In overcoming the interference problem, however, conventional synchronous pacers introduce a second serious problem. In the conventional synchronous pacer, it is necessary to incorporate an input inhibit period, referred to as the refractory delay period, during which the synchronous pacer is blind to input activity from the heart as well as from interference sources. The purpose of this refractory delay period is to prevent the synchronous pacer from triggering on interference signals at higher than biologic rates. Thus, each time the synchronous pacer delivers an output pulse to the heart, the unit becomes insensitive to either a noise input pulse or a premature ventricular contraction (PVC) occuring during the input refractory delay period. While it is desirable to thus make the unit insensitive to noise pulses during the refractory period, the inability to recognize a PVC may result in the discharge of a competitive artificial stimulus during the vulnerable period which follows the PVC. This condition has the potential for inducing fibrillation.

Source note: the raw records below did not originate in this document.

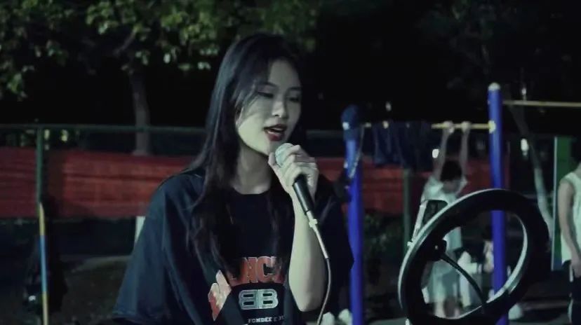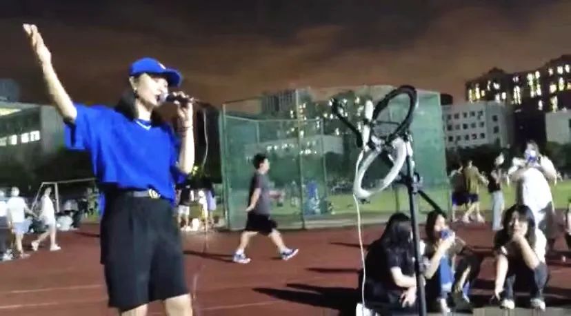 操场音乐会通过抖音平台直播,粉丝们通过平台点歌,同学们现场表演唱歌,线上线下一片欢乐。
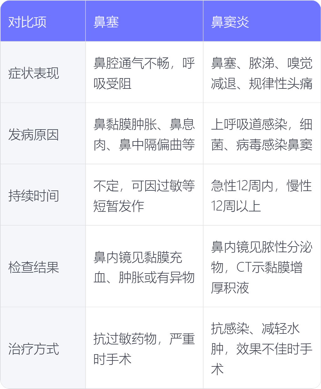 鼻塞和鼻窦炎可从症状表现、发病原因、持续时间、检查结果、治疗方式来分辨。
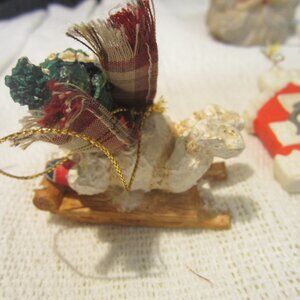 VTG SET OF 4 CHRISTMAS ORNAMENTS, CERAMIC OR RESIN MATERIAL

One prior art solution to this latter problem is to reduce the input refractory delay period to minimize the period of insensitivity to PVCs. However, this solution leads to other disadvantages in the presence of relatively high rate interference fields. Since the output rate of the synchronous pacer in noise fields is limited only by the duration of the input refractory delay period, as this period is shortened to improve recognition of PVCs, the maximum output rate of the unit in higher frequency noise fields can increase beyond the maximum permissible pacing rate. Thus, a conflict exists between the necessity for minimizing the refractory period to minimize the possibility of not detecting PVCs and the necessity for increasing the refractory period in order to ensure a safe maximum rate in noise fields. In conventional synchronous pacers, a typical compromise value for the input refractory delay period is about 400 milliseconds, which allows a maximum rate of about 150 pulses per minute in the presence of interference at or above this rate. This compromise is far from ideal, since a heart rate of 150 beats per minute can decompensate elderly patients, or those with cardiac or vascular disorders. Furthermore, the 400 millisecond refractory delay still permits some early PVCs to remain unsensed, so that the possibility of competitive pacing is not eliminated.

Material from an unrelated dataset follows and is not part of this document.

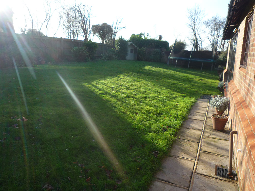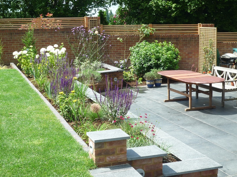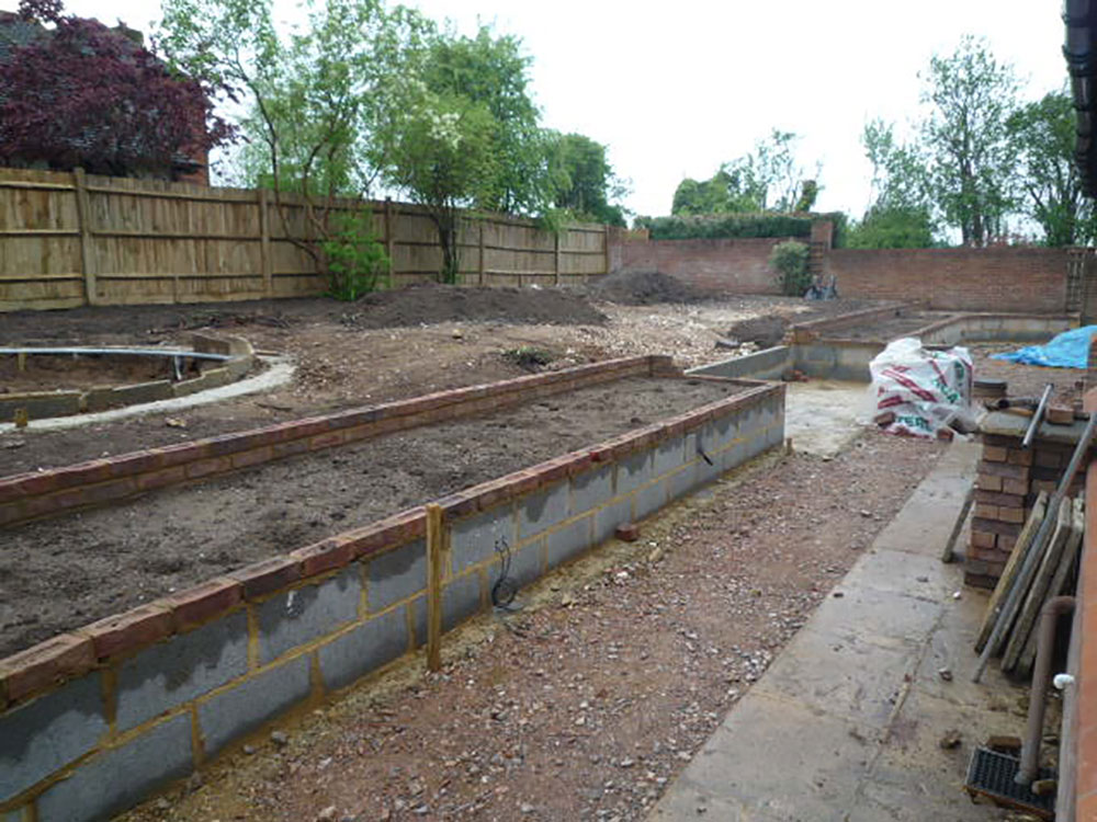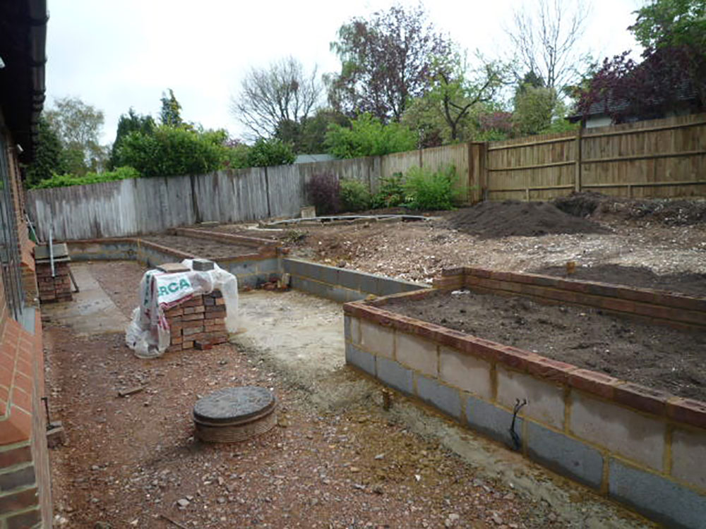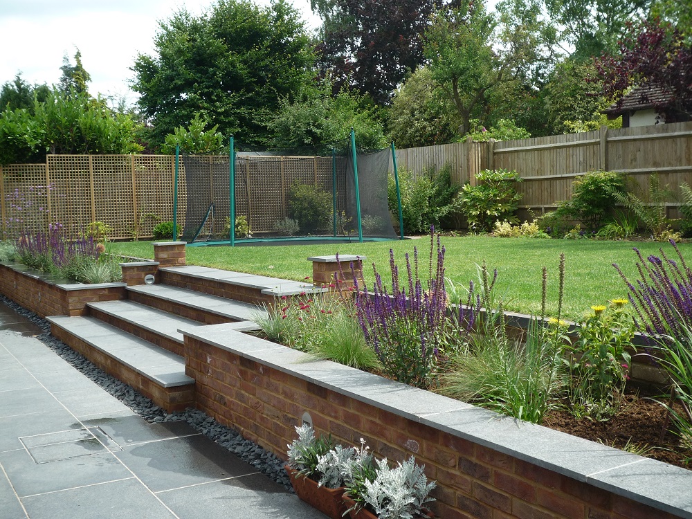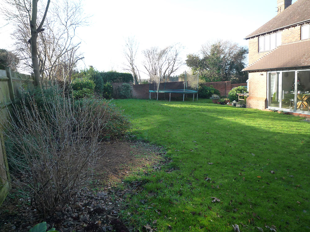 Steps now lead from the wide bi-fold doors onto a rectangular lawn and retaining beds were faced with bricks to match the house. The trampoline is sunken and placed to one side of the garden out of immediate view from the dining area.

Representative prior art demand pacers are shown in U.S. Pat. Nos. 3,661,157, 3,678,937 and 3,693,626. These units are all subject to being inhibited in the presence of external interference at rates which mock normal biologic heart rates. A prior art synchronous pacemaker is shown in U.S. Pat. No. 3,433,228. This unit, in common with other prior art synchronous pacers, cannot sense premature ventricular contractions that fall within its own refractory delay period, and is also capable of being triggered at relatively high rates by interference. A complex dual channel pacer is disclosed in Fischler et al Atrial Synchronized Demand Heart Pacing, IEEE Transactions on Biomedical Engineering, Vol. BME-16, No. 1, January 1969. The disclosed system is based on both synchronized and demand pacemaker concepts, but is nevertheless subject to being completely inhibited in the presence of interference fields in the range of normal heart rates.